When I was 25 years old, I believed that I was mature and ready for marriage. At that time, I was a graduate and had also completed my NYSC. I was a Christian, infact, one of the youth leaders in the local assembly where I worshipped; I also knew some things about how to make a relationship and marriage to work. But guess what? I believed that if a relationship didn’t work out, it wasn’t my fault or it wasn’t meant to be. I saw myself as the faultless partner in every relationship, because I was the ‘wise one’, the ‘selfless one’, the ‘spiritual one’, the ‘understanding one’.
Do you get where I am going with this?
Many of us Singles do not believe that we have any character flaws to work on. We do not accept that there are attitudes we display that turn people off. We do not acknowledge that there are things that people who love us have tolerated for so long in anticipation that we’ll grow up and take responsibility to change them; we expect them to love us and our bullshit forever. News flash darling, it doesn’t work that way.
Have I mentioned that at 25, I was already engaged and so eager to become a Mrs. But God knew better; I wasn’t prepared to be a wife or a mother. It took me over two years to eventually see what He saw back then – I truly wasn’t ready to be married. The kind of marriage God has in mind for me and for us all.
I’m so certain that I’d have been divorced or separated if I had married at the age of 25 with the terrible mindset I had about marriage and being a wife. And isn’t this what we mostly see around us today? Marriages that don’t stand the test of time? Because the couple got married with some faulty mindsets and expectations from marriage.
My darlings, it takes much more than age and money to be ready for marriage.

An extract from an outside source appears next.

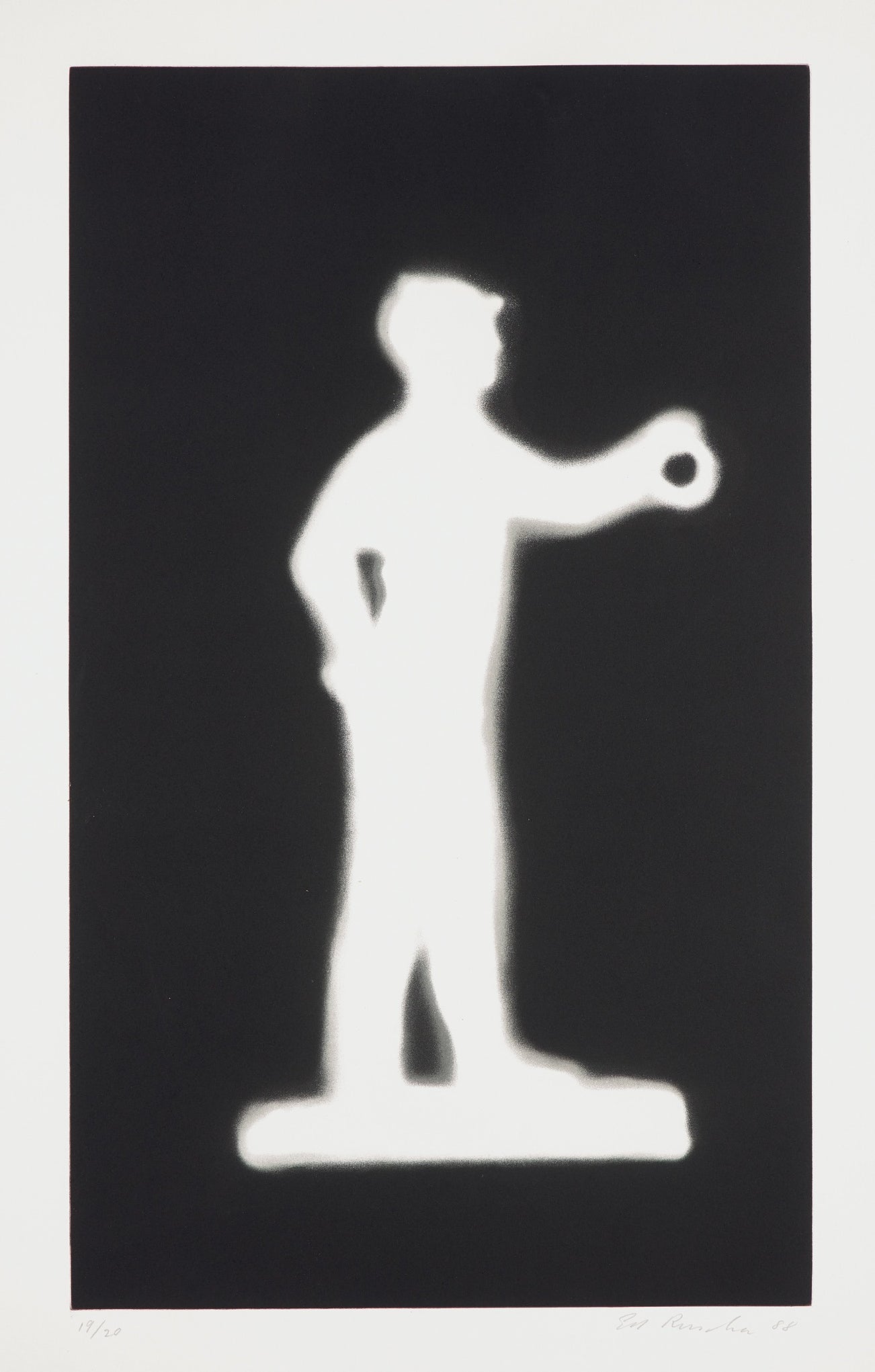 His most iconic works are at turns poetic and deadpan, epigrammatic text with nods to advertising copy, juxtaposed with imagery that is either cinematic and sublime or seemingly wry documentary. Whether the subject is his iconic Standard Gas Station or the Hollywood Sign, a parking lot or highway, his works are a distillation of American idealism, echoing the expansive Western landscape and optimism unique to postwar America.

God Himself patiently took me through some tough classes and lessons, before I understood and grew – not just in height or age, but in depth in Him and knowledge on how to live a Fruitful and Fulfilled life, both as a Single and as a married woman. When I eventually got married 4 years later, I was better prepared for the beautiful role and attendant responsibilities of being a wife and a mother. And even now, I am still learning and growing.
Trust me when I say this, one of the toughest trainers you can have is the Holy Spirit. He is the best teacher, yes. He guides us into all truths, I agree. But, HE WILL NEVER GRADUATE YOU UNTIL YOU LEARN EACH LESSON AND BEGIN TO LIVE IT OUT.

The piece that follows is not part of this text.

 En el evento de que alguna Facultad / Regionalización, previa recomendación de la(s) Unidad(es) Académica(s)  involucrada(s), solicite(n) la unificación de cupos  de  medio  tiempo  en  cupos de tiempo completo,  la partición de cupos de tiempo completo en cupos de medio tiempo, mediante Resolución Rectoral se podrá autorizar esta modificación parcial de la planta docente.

It’s easier to pass in our secular schools and even schools of Theology because you can read, sort, use your intuition or inspiration of the Holy Spirit and scale through. But when the Holy Spirit Himself is your teacher, please tell me, what do you want to write? Your answer script is your heart and He’s watching it steadily. So remind me again, which of your thoughts do you want to hide from Him?
In July 2017 when I finished writing my first book, SINGLE, FRUITFUL, FULFILLED, I felt I was done with most of the trainings. But He said, “Well-done, you have completed phase 1. Now is time to refill for the journey ahead is still far.”

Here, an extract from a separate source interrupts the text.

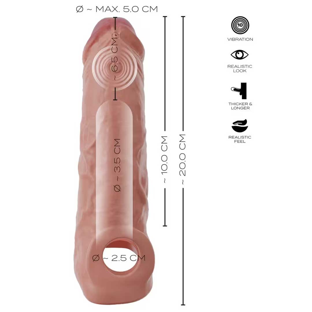 Cele 10 moduri diferite de vibratie ofera o varietate mare si pot fi controlate cu usurinta cu telecomanda sau direct de pe jucarie prin apasarea unui buton. Datorita varfului vibrator ferm, dar moale, captusit, penisul este extins cu 6,5 cm – si are o circumferintă vizibil mai mare datorita grosimii materialului. Pentru sex realist si implinit, cu vibratii care vor incanta ambii parteneri

I’m like okay, I got this.
Little me trying to use “Igbo sense” on the Holy Ghost. I already detailed all the pains and losses that my smartness cost me. You can read about it in my memoir, TURNING 28.
Those who know me close-up know that in spite of my good nature and kindness, I’m still very stubborn and strong-willed. I’m stubborn in a very polite and subtle way (lol, I don’t know if there’s anything like that). Well, God let me get away with that for so long, then in 2017 He said it’s time to drop that – every pride, stubbornness, self-will, strong-will that emanates from self.
If God has ever demonstrated His love towards you by convicting you of a flaw you have, sweetheart, you better start working on it with the help of the Holy Spirit. Don’t try to defend it or make excuses.
As you read this post, reflectively ask yourself: Why am I still single?
If there are attitudes, mindsets and character flaws you are holding to your chest and proudly saying: “this is the way I am”, “we are like that in our family”, please repent now and get it fixed ASAP.
Now that you are single is the PERFECT time to start ingesting and enjoying and over-dosing on all the positives of Singlehood and preparing for a kingdom marriage. Read the right books, blogs, watch the right YouTube channels, follow the right social media accounts, and for the sake of all the fabulousness, please hang around the right people and marriages. And become better. The best one for the right partner God is sending your way.